The University of California reached a tentative agreement with the union representing student academic employees Tuesday, averting a potential 10-day strike that would have coincided with finals week on many UC campuses.
The union, representing more than 12,000 teaching assistants, readers and graders across the UC system, began negotiating a new four-year contract with the university last summer, which proposed wage increases, increased child care assistance and continued discussion on all-gender bathrooms and undocumented students, among other points.
Union members will vote on the conditions of the contract, and the outcome will determine whether the bargaining team will have to continue negotiating with the university. The strike was called off because the UC Student-Workers Union, United Auto Workers Local 2865, tentatively agreed to the terms of the contract, which includes a no-strike clause.
The 10-day strike would have started Saturday, the same day as the start of finals week for UC campuses on the quarter system. All UC campuses except UC Berkeley and UC Merced operate on the quarter system.
“We’re happy to have averted a strike that would have disrupted our students and their education during finals week,” said UC spokesperson Shelly Meron.
At UC Berkeley, some graduate students who are teaching summer courses also intended to participate in the strike to act in solidarity with union members on other UC campuses, said Amanda Armstrong, a campus graduate student who was on the bargaining team for UAW 2865.
The new four-year contract proposes a raise in salary with a 5 percent increase in the first year, a 4 percent increase in the second and third years and a 3 percent increase in the fourth year. Collectively, these new parameters amount to a 16 percent increase in salary over the four-year length of the contract.
Without the increase, student academic employees usually receive about $17,000 per year, which is lower than the average salary of student academic employees at competing universities, according to Caroline McKusick, an executive board member of UAW 2865.
The salaries for these student employees, however, are based on their part-time appointments.
The proposed increases close one-third of the gap between the average salaries of UC teaching assistants and the average salaries of teaching assistants at competing universities, according to Armstrong.
The strike was planned in opposition to the university’s alleged intimidation toward its teaching assistants, McKusick said. In April, members of UAW 2865 also went on strike against unfair labor practices and intimidation.
“We don’t condone any type of intimidation,” Meron said, adding that the university contends it has done nothing wrong or illegal and that the place to resolve these concerns is with the Public Employment Relations Board.
Armstrong said although the university was previously unwilling to discuss certain issues, including undocumented graduate students, she is pleased union members were able to make progress with the recent negotiations.
“We were really aiming high with this contract, and it paid off,” Armstrong said. “We ended up with a pretty major victory.”
A previous version of this article implied that the university is meeting with United Auto Workers Local 2865 to discuss the alleged intimidation.

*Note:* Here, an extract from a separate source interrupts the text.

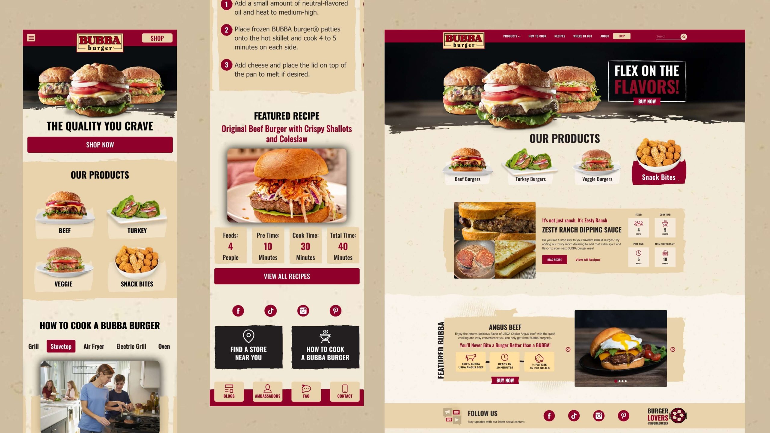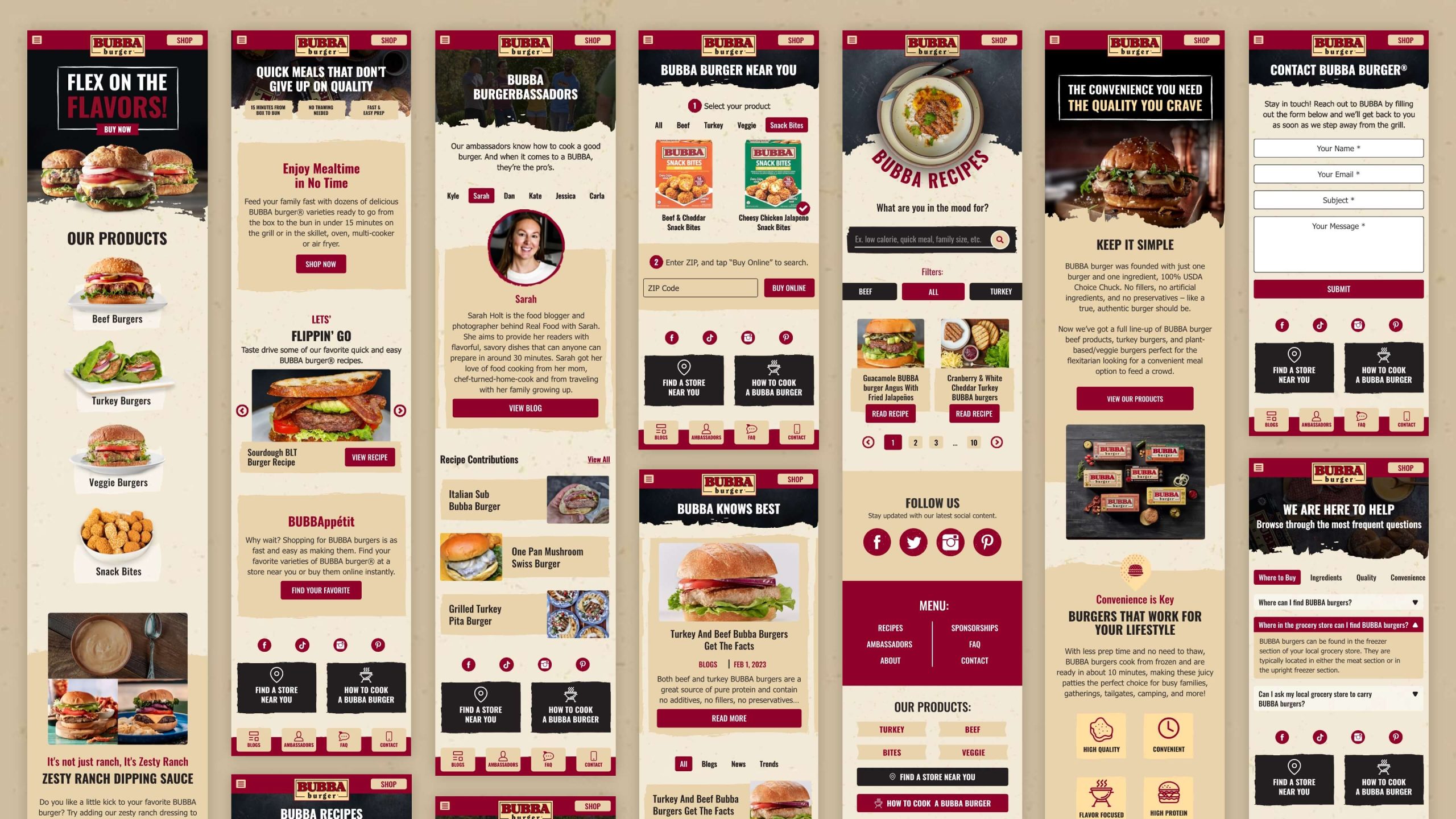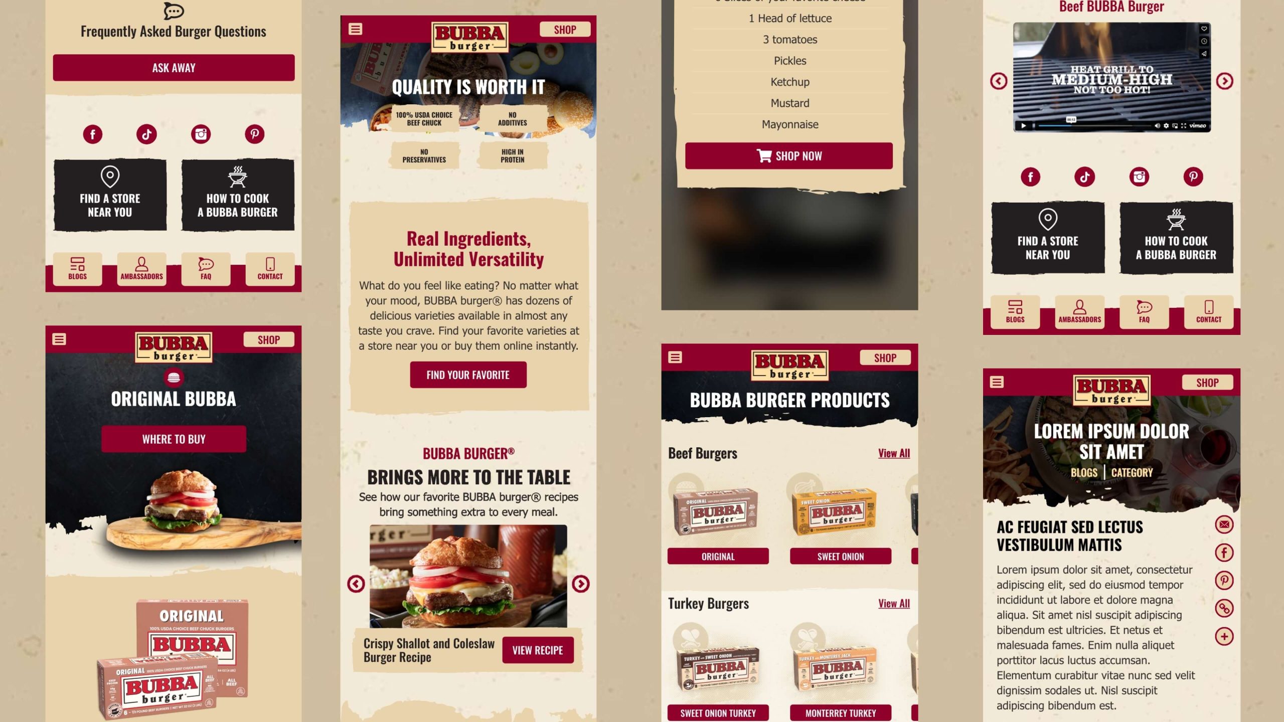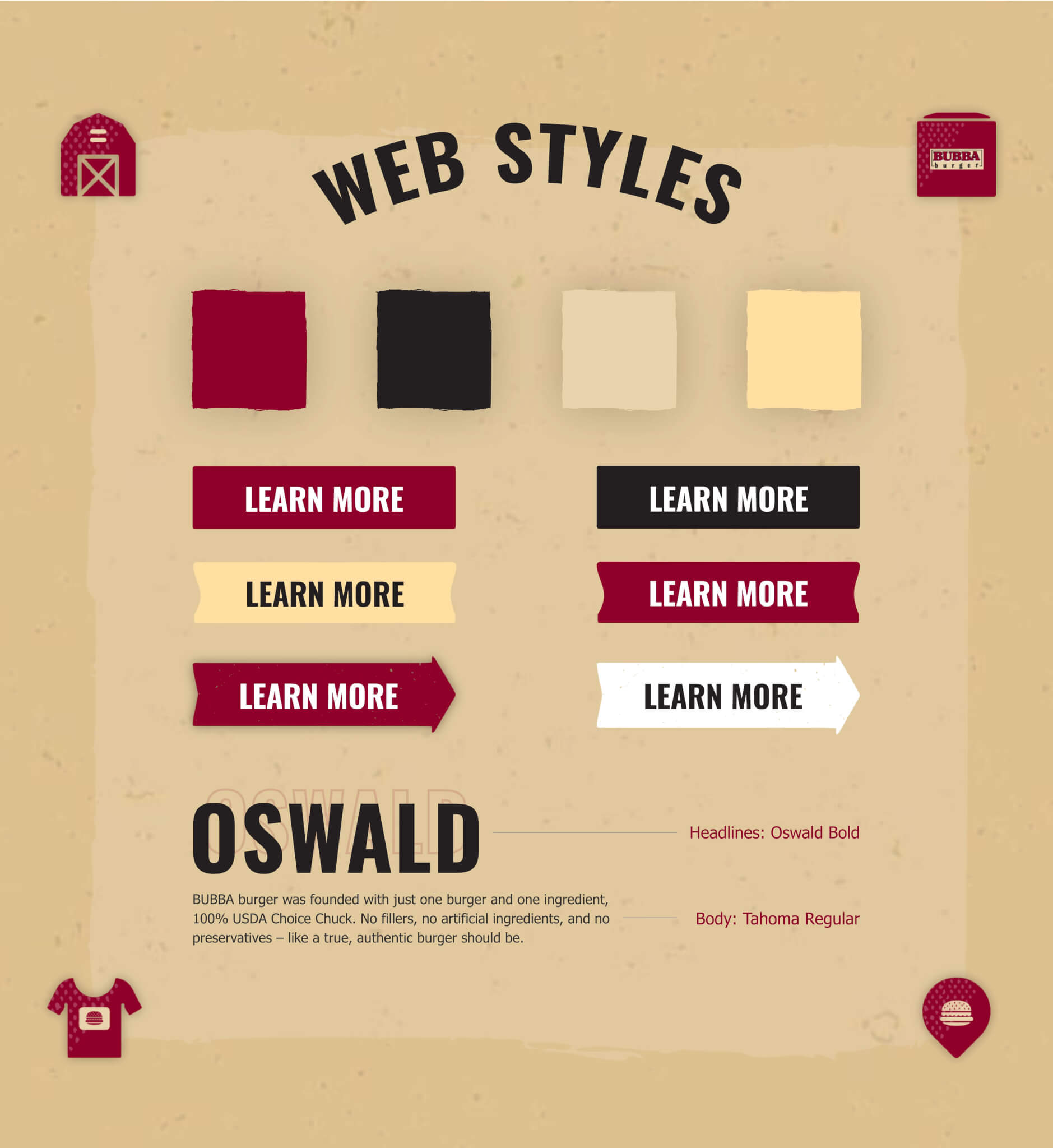 For BUBBA Burger’s website redesign, I crafted a cohesive and visually engaging style guide that reflects the brand’s personality. This included designing modern layouts, selecting a bold and inviting color palette, and creating custom graphic elements to enhance the overall aesthetic and align with BUBBA Burger’s identity.
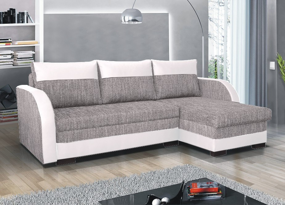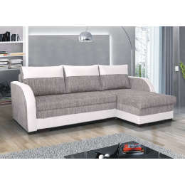 Univerzální sedací souprava Jarda 230x142 cm, lze sestavit jako levou nebo pravou, což je výhoda při sestavování pokoje, nemusíte přemýšlet do jakého rohu postavíte sedací soupravu, jednoduše ji přizpůsobíte. Souprava má úložný prostor a jednoduchý rozklad na spaní. Plocha na spaní je 200x125cm. Je potažena kvalitním úpletem hnědobéžové barvy v kombinaci s bílou koženkou. Polštáře jsou volně ložené.

In fact, the university believes that it has not done anything wrong or illegal and that the place to resolve these allegations is through the Public Employment Relations Board.
A previous version of this article also implied that the annual salary for student employees are for full-time appointments. In fact, the annual salary is for part-time appointments.
A previous version of this article incorrectly quoted UC spokesperson Shelly Meron as stating, “It’s good to have another contract settled, and we’re happy to have averted a strike that respected our students during finals week.” In fact, Meron said, “We’re happy to have averted a strike that would have disrupted our students and their education during finals week.”